OVERVIEW:

We will discuss the general classes of air pollution, the regulatory response, and introduce numerical modeling of the air pollution plumes. We will also discuss the existing records of the Earth's climate over the past 140,000 years, global ocean circulation, the Younger Dryas Event, and current studies of air-sea interaction in the Gulf of Maine.

OUTLINE:

1. Air pollution phenomenology.

1.1. What is air pollution? Air pollution is defined as "the presence in the outdoor atmosphere of one or more contaminants or combinations thereof in such quantities and of such duration as may be or tend to be injurious to human, plant, or animal life, or property or which unreasonably interferes with the comfortable enjoyment of life or property or the conduct of business." (Wark, K., C.F. Warner, and W.T. Davis, 1998. Air Pollution -- Its Origin and Control. Addison-Wesley, 573 pgs.)

1.2. Air pollution classifications.

Class	Range [kms]	Examples
Local	0 - 30	Automobile exhaust Smokestack exhaust "Bad" low-level ozone
Regional	0 - 1000	Haze Acid deposition
Global	0 - 40,000	Global climate change (a.k.a. "Greenhouse Effect") Destruction of "good" stratospheric ozone

1.3. National Ambient Air Quality Standards (NAAQS). NAAQS originally established in 1970's. Most recently updated in July, 1997. Establishes national standards for air quality with respect to several specific pollutants. Click here to view the National Ambient Air Quality Standards.

1.3.1. Two broad classes of pollutants -- NAAQS sets specific limits on the first and general limits on the second:

1.3.1.1. Criteria -- Those pollutants with a well-known dose/response relationship (DRR). DRR is established via clinical (i.e.controlled) and epidemiological (i.e.hospital record-based) studies. NAAQS mandates Best Available Control Technology (BACT) and sets specific limits of allowable concentrations in the atmosphere. These limits are frequently (often habitually) violated in the country's cities and industrial areas.

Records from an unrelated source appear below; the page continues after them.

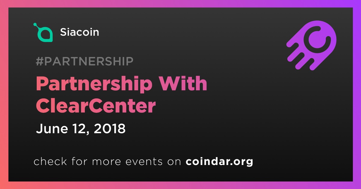 Siacoin SC: Partnership With ClearCenter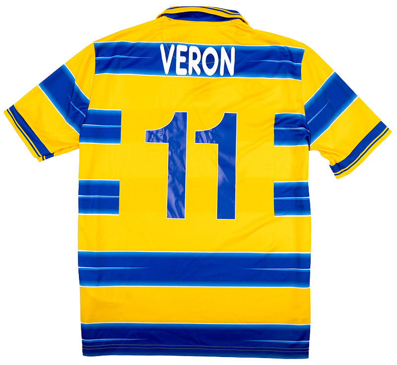クラブ公式オンラインショップでは好きな名前と背番号に対応。当時の主力だったフアン・セバスティアン・ベロンのネームナンバーもご覧の通りで、当時のフォントデザインにかなり近い。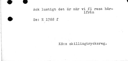 //// Ack lustigt det är när vi få resa här- //// ifrån //// # Se: E 1783 f //// a ; //// ! //// ,! ^ //// KB:s skillingtrycksreg. ////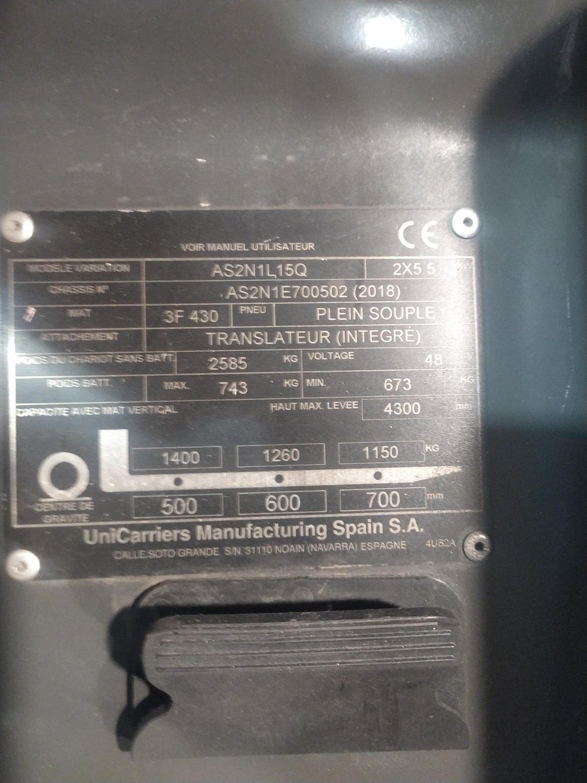 MarqueUniCarriersHauteur de levée7.25Capacité de levage1400ÉnergieÉlectrique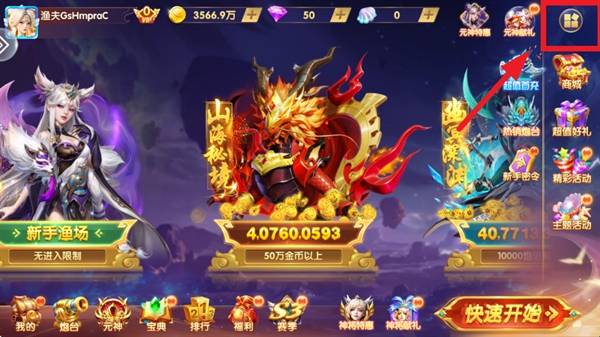 1. 启动《捕鱼神手》游戏,在主界面右上角找到并点击由四个方块组成的按钮。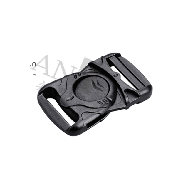 它由公扣和母扣组成。公扣设计成箭头形状,用于解锁组件并插入舌片,而母扣则对应卡槽和锁定结构;按下箭头区域解锁,将舌片插入母扣锁紧,适配20mm、25mm、38mm三种宽度带。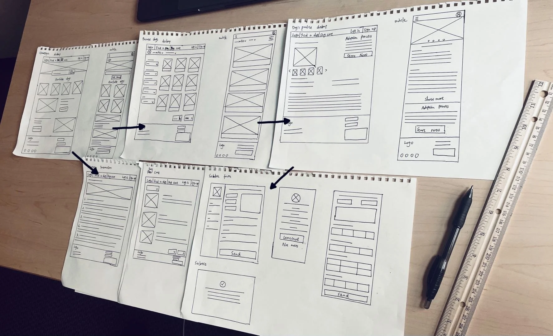To create a low-fidelity prototype, I connected all of the screens involved in the primary user flow of browsing and finding a dog, as well as submitting adopting application.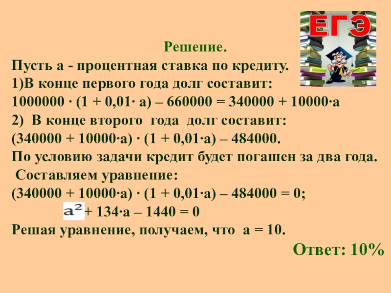 1000000 ∙ (1 + 0,01∙ а) – 660000 = 340000 + 10000∙а

1.3.1.2. Hazardous or toxic -- More dangerous than criteria, but exact DRR is unknown. Some examples are benzine and dioxin (both carcinogens). The U.S. Environmental Protection Agency (EPA) eliminated specific concentration limits for these and implemented control technology policy called Maximum Achievable Control Technology (MACT).

1.3.2. Two types of concentration standard for criteria pollutants:

1.3.2.1. Primary standard -- Protect health of human beings.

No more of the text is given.